### About this exercise
What should come back is the data below, word for word, minus any picture.

### Available data

##############################

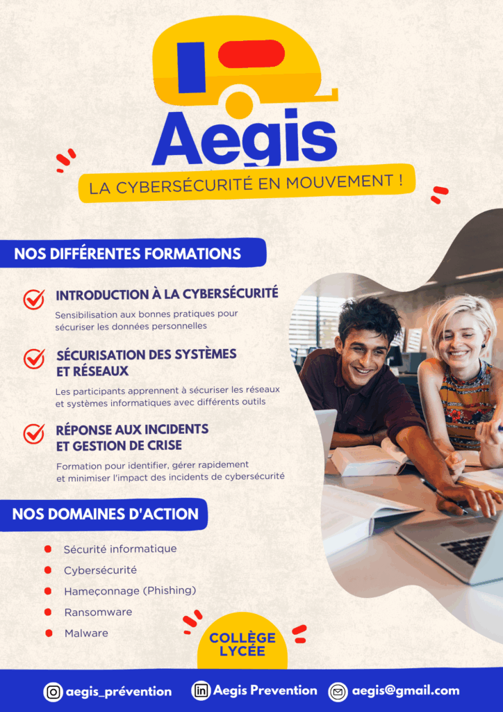 L’affiche reprend les codes visuels de la cybersécurité avec un design moderne et dynamique. Les couleurs vives (jaune, rouge, bleu vif) attirent l’attention, tandis que l’illustration de la caravane symbolise l’accessibilité et l’approche interactive d’AEGIS. La photo de jeunes élèves permet d’identifier immédiatement la cible et de capter l’attention du public concerné, renforçant ainsi l’impact du message de sensibilisation dès le premier regard.
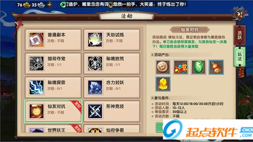 每天的固定時(shí)間段仙友可組隊(duì)進(jìn)入仙友對抗與其他玩家PK,每個(gè)隊(duì)員擁有固定的復(fù)活次數(shù),復(fù)活次數(shù)消耗干凈之后就不可以繼續(xù)參戰(zhàn)了。在仙友對抗中,比較考驗(yàn)隊(duì)伍戰(zhàn)斗力及配合度。
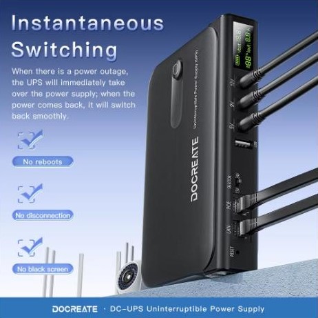 DC-UPS DC1036L - компактне джерело безперебійного живлення потужністю 36 Вт, призначене для забезпечення стабільної роботи мережного та телекомунікаційного обладнання при відключенні електроенергії. Ідеально підходить для роутерів, GPON ONU, модемів, IP-камер, комутаторів, NAS та іншого обладнання, що працює від постійної напруги.
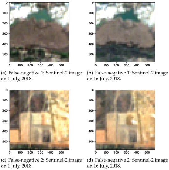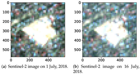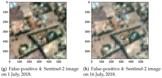 True-positive blobs are blobs where change was detected. Figure 6 shows two Sentinel-2 optical images at a 10 m resolution of an example of a true-positive blob due to construction having occurred at the coordinates (−26.1431583848774, 28.1765660900992) in Germiston, Gauteng, South Africa.

##############################

### Answer to this exercise
 L’affiche reprend les codes visuels de la cybersécurité avec un design moderne et dynamique. Les couleurs vives (jaune, rouge, bleu vif) attirent l’attention, tandis que l’illustration de la caravane symbolise l’accessibilité et l’approche interactive d’AEGIS. La photo de jeunes élèves permet d’identifier immédiatement la cible et de capter l’attention du public concerné, renforçant ainsi l’impact du message de sensibilisation dès le premier regard.
 每天的固定時(shí)間段仙友可組隊(duì)進(jìn)入仙友對抗與其他玩家PK,每個(gè)隊(duì)員擁有固定的復(fù)活次數(shù),復(fù)活次數(shù)消耗干凈之后就不可以繼續(xù)參戰(zhàn)了。在仙友對抗中,比較考驗(yàn)隊(duì)伍戰(zhàn)斗力及配合度。
 DC-UPS DC1036L - компактне джерело безперебійного живлення потужністю 36 Вт, призначене для забезпечення стабільної роботи мережного та телекомунікаційного обладнання при відключенні електроенергії. Ідеально підходить для роутерів, GPON ONU, модемів, IP-камер, комутаторів, NAS та іншого обладнання, що працює від постійної напруги.
 True-positive blobs are blobs where change was detected. Figure 6 shows two Sentinel-2 optical images at a 10 m resolution of an example of a true-positive blob due to construction having occurred at the coordinates (−26.1431583848774, 28.1765660900992) in Germiston, Gauteng, South Africa.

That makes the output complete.